Kelautan 06 Jan 2026 141 kali dibaca
Gambar Artikel Komodo di Pulau Rinca

LingkariNews – Mulai 29 Desember 2025, seluruh aktivitas wisata dan pelayaran di kawasan Taman Nasional Komodo (TNK) resmi dihentikan sementara.

Penutupan ini tercatat dalam Surat Pemberitahuan (Notices to Mariners) Nomor 05/NTM-XII/2025 yang diterbitkan oleh Kepala Kantor Kesyahbandaran dan Otoritas Pelabuhan (KSOP) Kelas III Labuan Bajo.

Penutupan ini dilakukan sebagai langkah antisipasi menyusul peringatan potensi cuaca esktrem yang dikeluarkan oleh Badan Meteorologi, Klimatologi, dan Geofisika (BMKG).

Cuaca esktrem tersebut merupakan efek tidak langsung dari Siklon Tropis Hayley yang terpantau berada di Samudra Hindia selatan Nusa Tenggara Timur (NTT). Fenomena ini memicu berbagai kondisi berbahaya, seperti hujan lebat, angin kencang, dan gelombang laut tinggi, yang berisiko terhadap keselamatan pelayaran dan aktivitas wisata bahari.
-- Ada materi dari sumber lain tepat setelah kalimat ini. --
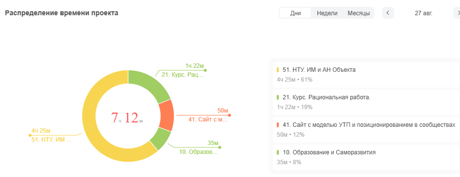 - удается удерживать внимание на саморазвитии, учете времени по работе и по образованию
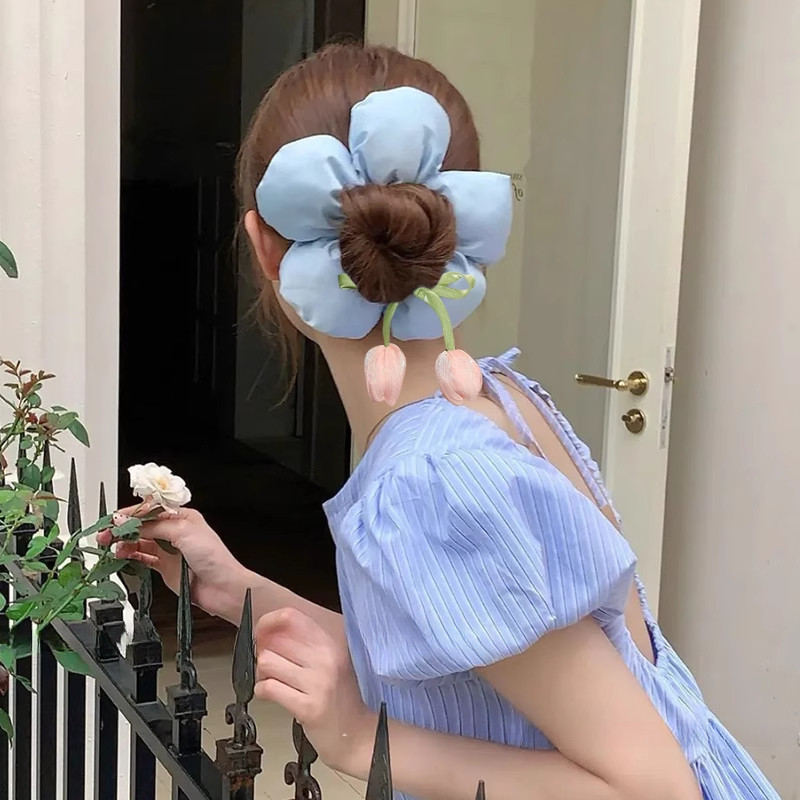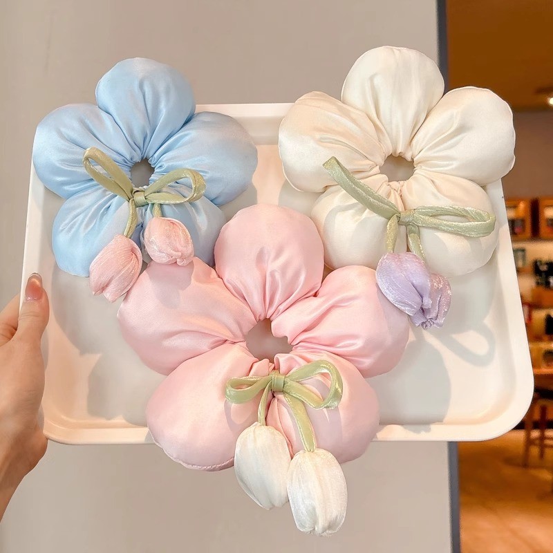 Thời Trang Tòn Hoa Tulip Hình Dạng Tóc Dây Scrunchies Đuôi Ngựa Dây Buộc Tóc Phụ Kiện Tóc
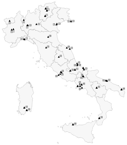 In the period 2011 to 2019, a total of 1374 raw sewage samples were collected from 48 WTPs distributed over the entire country and covering all the 20 Italian administrative regions: 529 samples were taken from 8 Regions of Northern Italy (Emilia Romagna, Friuli Venezia Giulia, Liguria, Lombardy, Piedmont, Trentino-South Tyrol, Veneto, and Aosta Valley), 590 from 5 Regions of Central Italy (Abruzzo, Latium, Marche, Tuscany, and Umbria) and 255 from 7 Regions of Southern Italy (Apulia, Basilicata, Calabria, Campania, Molise, Sardinia, and Sicily). Figure 1 shows a geographic information system (GIS) map of the WTPs included in the study.
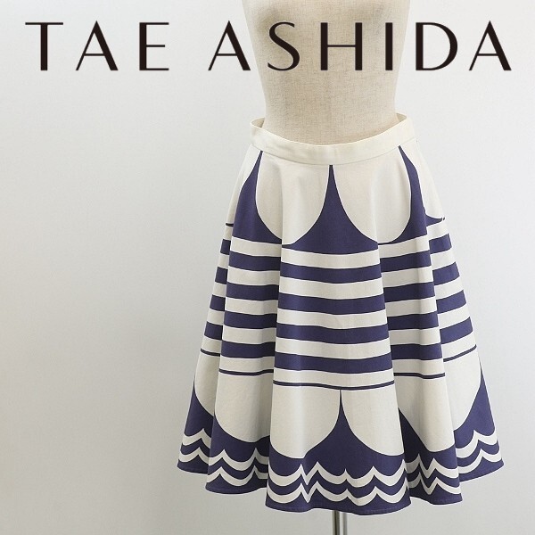 - ◆TAE ASHIDA タエアシダ ボーダー 総柄 ストレッチ コットン フレア スカート ホワイト×ネイビー 9
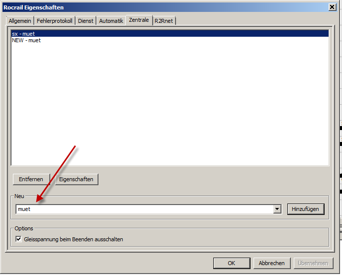 Wenn dort noch die virtuelle Zentrale vorhanden sein sollte, diese bitte löschen, indem die Zentrale markiert und anschließend der Button "Löschen" gedrückt wird. Danach aus dem Bereich NEU aus dem Drop-Down-Menü die Zeile mit dem Eintrag "muet" auswählen und den Button Hinzufügen drücken.
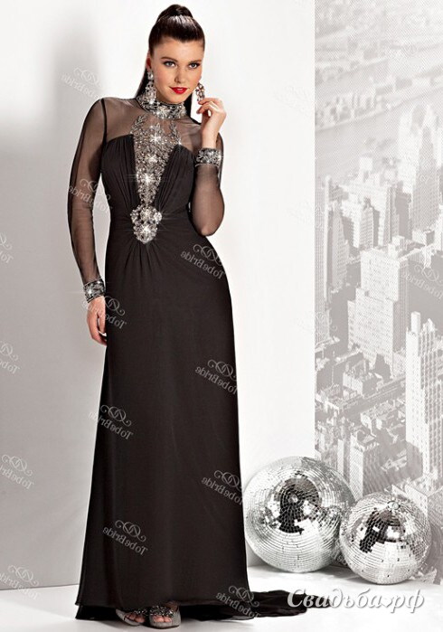 Размеры 6-16 (42-52). Иногда загадочная туманность воздушной ткани выглядит намного эффектнее и соблазнительнее самого открытого декольте. Это прямое полуприлегающее платье длиной в пол с полушлейфом из мистического черного шифона – великолепный вариант для создания запоминающегося образа. Манжеты длинных прозрачных рукавов, воротник-стойка и прозрачная вставка на лифе и спинке декорированы богатой вышивкой стразами, серебряными пайетками и бисером. При взгляде на Вас сердце замирает на миг... и начинает биться сильнее!
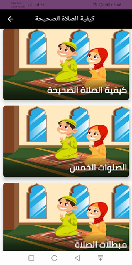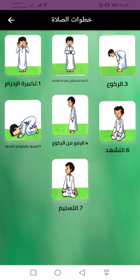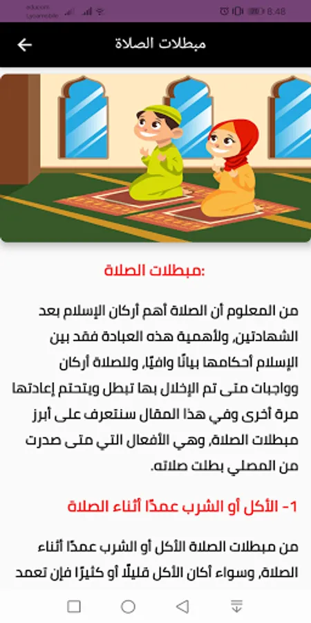 The application also includes an explanation of the five obligatory prayers. He also explained the invalidators of prayer.
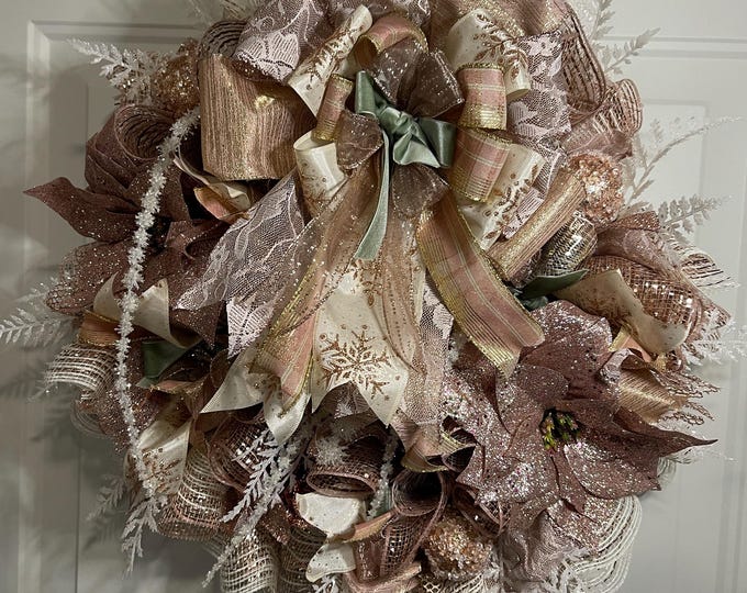 Winter Wreath for Front Door, Rose Gold Mesh Wreath, Christmas Wreath Decor, Christmas Decor, Holiday Wreath, Christmas Wreath with Lights
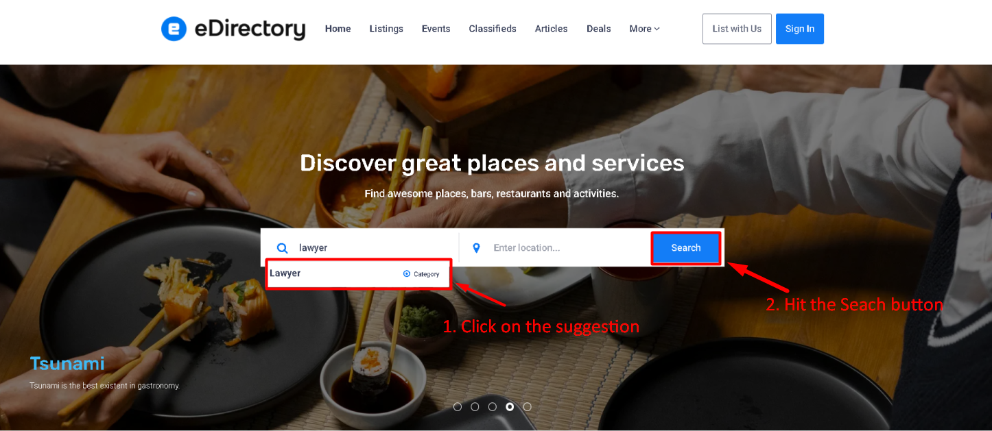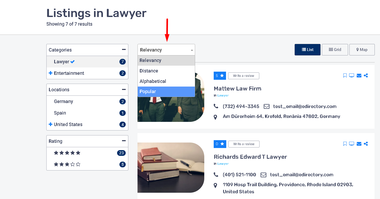 Example: Typing “Lawyer” and pressing Enter may show various listings containing the word “lawyer” anywhere in their content.
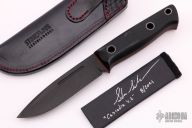 This Cascadia V.2 by Shane Sibert features a black blade with fullers, .158" blade stock and 1.138" blade depth, full tang construction. The handle has black G-10 scales with red G-10 liners. Comes with a black leather sheath, zippered case and COA dated 8/2021. New from maker at the 2021 USN Gathering.
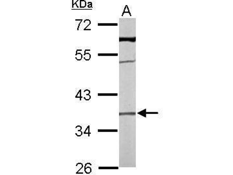 : "Genome-wide DNA methylation differences between late-onset Alzheimer's disease and cognitively normal controls in human frontal cortex." dans: Journal of Alzheimer's disease : JAD, Vol. 29, Issue 3, pp. 571-88, (2012) (PubMed).Pseudonymes pour TMEM59 Anticorps
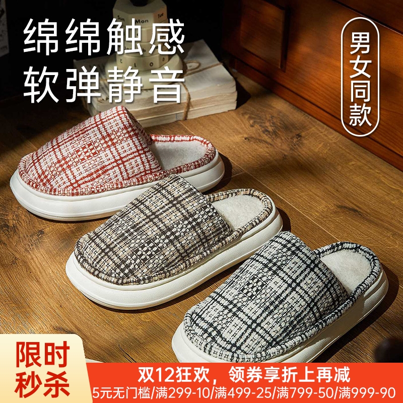 格纹毛绒保暖拖鞋
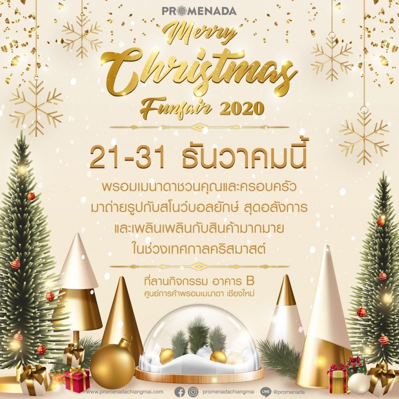 Merry Christmas Funfair 2020 วันที่ 21 - 31 ธันวาคม 2563 ณ ลานกิจกรรม อาคาร B Promenada Chiang Mai พรอมเมนาดาชวนทุกท่านมาถ่ายรูปกับ Snow Ball ยักษ์สุดอลังการ พร้อมจุดถ่ายรูปน่ารักๆอีกเพียบ และเพลินเพลินกับสินค้ามากมายให้คุณได้ส่งมอบให้คนที่คุณรักในช่วงเทศกาลคริสมาสต์ ตั้งแต่วันที่ 21 - 31 ธันวาคม 2563 แล้วเจอกัน ที่ลานกิจกรรม อาคาร B
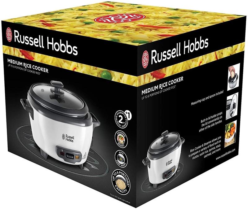 Рисоварка Russell Hobbs 27030-56 — современное электрическое устройство, которое рассчитано на 6 порций вареного риса (до 200 грамм на порцию). Данная модель станет отличным помощником в приготовлении не только вкусных, а и полезных низкокалорийных блюд.
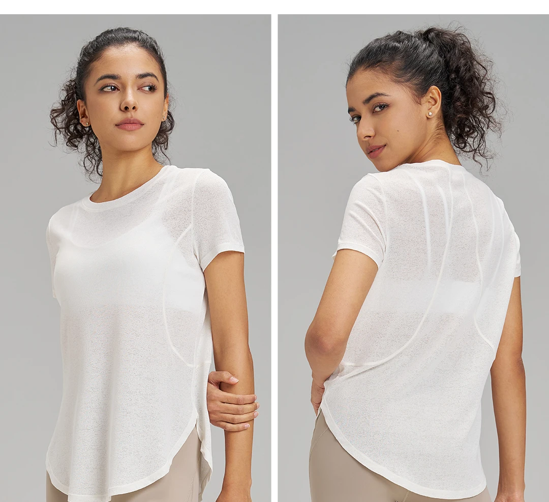 SPECIFICATIONSBlocking: RegularBrand Name: NAQIYAYABEICN: ZhejiangChoice: yesCraft of Weaving: KnitDepartment Name: WomenFabric Type: KnittedFeature: Breathable,Quick DryFit: Fits true to size, take your normal sizeGender: WomenHign-concerned Chemical: NoneItem Type: SHIRTSMaterial: POLYESTEROrigin: Mainland ChinaSleeve Length(cm): short(4-16inch)Sport Type: Yogapocket description: No Pocketsize_info: {"sizeInfoList":[{"length":{"cm":"96","inch":"37.80"},"size":"S","vid":-1},{"length":{"cm":"102","inch":"40.16"},"size":"M","vid":-2},{"length":{"cm":"108","inch":"42.52"},"size":"L","vid":-3}]}Bust and hem measurements are full circumference, not radius.
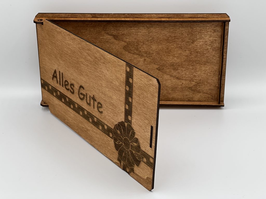 Die gezeigten Werke sind Beispiele aus vergangenen Projekten und zeigen, wie vielfältig individuelle Lasergravuren aus Holz sein können.
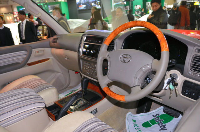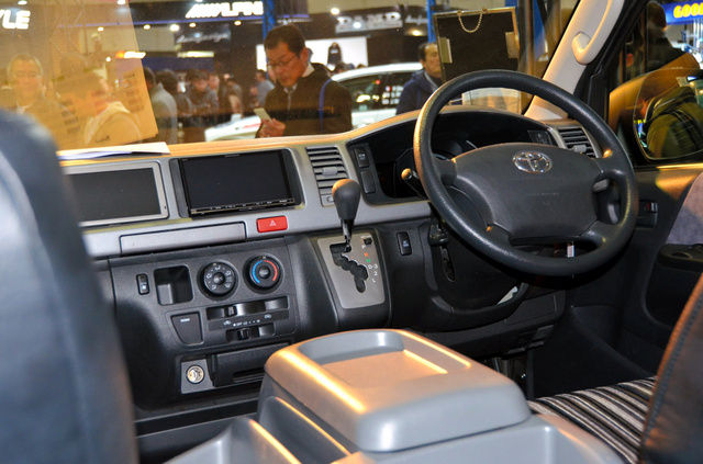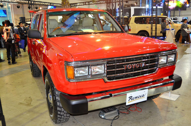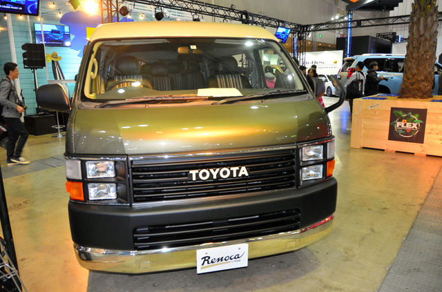 中古車販売会社「フレックス」(東京都港区)が出展したのは、トヨタ自動車のクロスカントリー(クロカン)車「ランドクルーザー(ランクル)」やワンボックス車「ハイエース」といったレジャー用途に人気の車両を、70~80年代のアメリカンな雰囲気に仕立てたモデル。住宅リフォームのような感覚で中古車を新車のように仕立てる「リノベーションカー」だ。
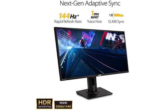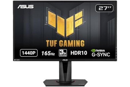 ASUS TUF Gaming 27" 2K HDR Gaming Monitor (VG27AQ) - QHD (2560 x 1440), 165Hz (Supports 144Hz), 1ms, Extreme Low Motion Blur, Speaker, G-SYNC Compatible, VESA Mountable, DisplayPort, HDMI ,Black
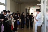 見学は専門教科の各コースを中心に校内を回りました。コースの説明は3年生徒が行い、学生からの質問にも答えました。見学後は本校職員と学生で意見交換等を行いました。
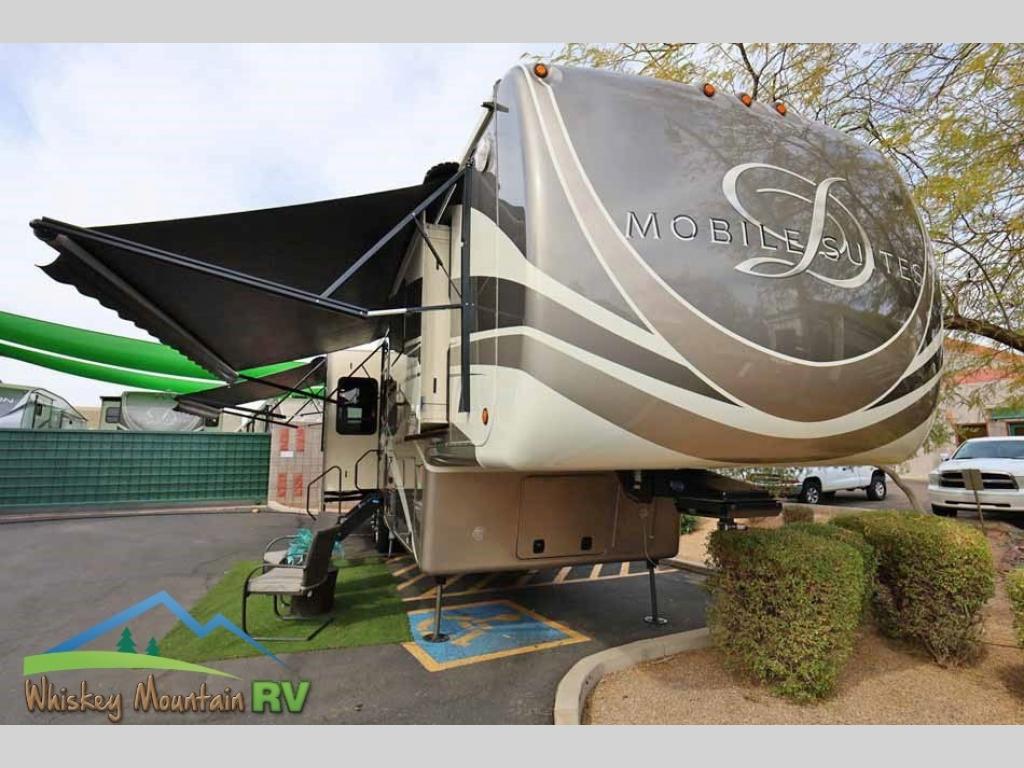 THIS TWO OWNER, 2019 DRV MOBILE SUITES 38 RSSA, IS ONE OF DRV'S MOST MOST RARE FLOOR PLANS. IT'S MAIN FEATURE IS THAT YOU DON'T HAVE TO OPEN ANY SLIDES TO GAIN ACCESS TO FRIDGE, BATHROOM OR BEDROOM. IT HAS A HUGE KITCHEN WITH CENTER ISLAND, LARGE PANTRY AND A KING BED MASTER SUITE WITH A LARGE HALLWAY BATHROOM WITH A RECTANGULAR SHOWER. .

Izin Pelayaran Kapal Wisata Dicabut Sementara

Sebagai tindak lanjut, KSOP secara resmi mencabut Surat Persetujuan Berlayar (SPB) bagi seluruh kapal wisata, termasuk speedboat yang beroperasi di perairan Labuan Bajo dan sekitarnya.

Kepala Balai Taman Nasional Komodo (BTNK), Hendrikus Siga, menegaskan bahwa kebijakan ini berlaku untuk seluruh destinasi wisata di dalam kawasan TNK. Beberapa lokasi yang terdampak antara lain Pulau Komodo, Pulau Padar, Pulau Rinca, Pink Beach, hingga berbagai spot penyelaman popular.

Menurutnya, BTNK langsung mengambil langkah cepat dengan menghentikan seluruh aktivitas pelayaran wisata alam demi menjamin keselamatan wisatawan, pemandu, serta awak kapal.

“Mengacu pada Surat Pemberitahuan dari KSOP tersebut di atas, maka pelayanan wisata alam di destinasi wisata Taman Nasional Komodo dihentikan sementara sampai dengan adanya pemberitahuan lebih lanjut,” jelasnya.

Imbauan Pantau Informasi Cuaca dari BMKG

Dalam pengumuman terpisah, BTNK mengimbau masyarakat dan wisatawan untuk aktif memantau informasi cuaca harian dari BMKG sebelum merencanakan aktivitas di perairan Taman Nasional Komodo.

Selain itu, pemilik kapal dan nahkoda diminta mematuhi seluruh arahan KSOP Kelas III Labuan Bajo  serta segera berkoordinasi dengan pihak terkait apabila kondisi cuaca menunjukkan tanda-tanda memburuk.

Bagi wisatawan yang telah membeli tiket masuk TNK atau melakukan pemesanan kapal wisata, disarankan untuk segera menghubugi operator perjalanan atau pihak BTNK guna memperoleh informasi lebih lanjut terkait penjadwalan ulang.

“Semua pihak diharapkan meningkatkan kewaspadaan dan menunda aktivitas apabila kondisi tidak memungkinkan,” imbaunya.

Prakiraan Cuaca Komodo Sepekan ke Depan Kurang Bersahabat

Berdasarkan prakiraan cuaca, wilayah Taman Nasional Komodo diperkirakan masih akan mengalami kondisi ekstrem. Potensi hujan lebat, badai yang muncul secara tersebar, serta gelombang tinggi dinilai dapat membahayakan keselamatan pelayaran dan wisata bahari.

Pihak berwenang mengimbau agar seluruh pihak mengutamakan keselamatan dan menunggu kondisi cuaca kembali stabil sebelum aktivitas wisata di Taman Nasional Komodo dibuka kembali.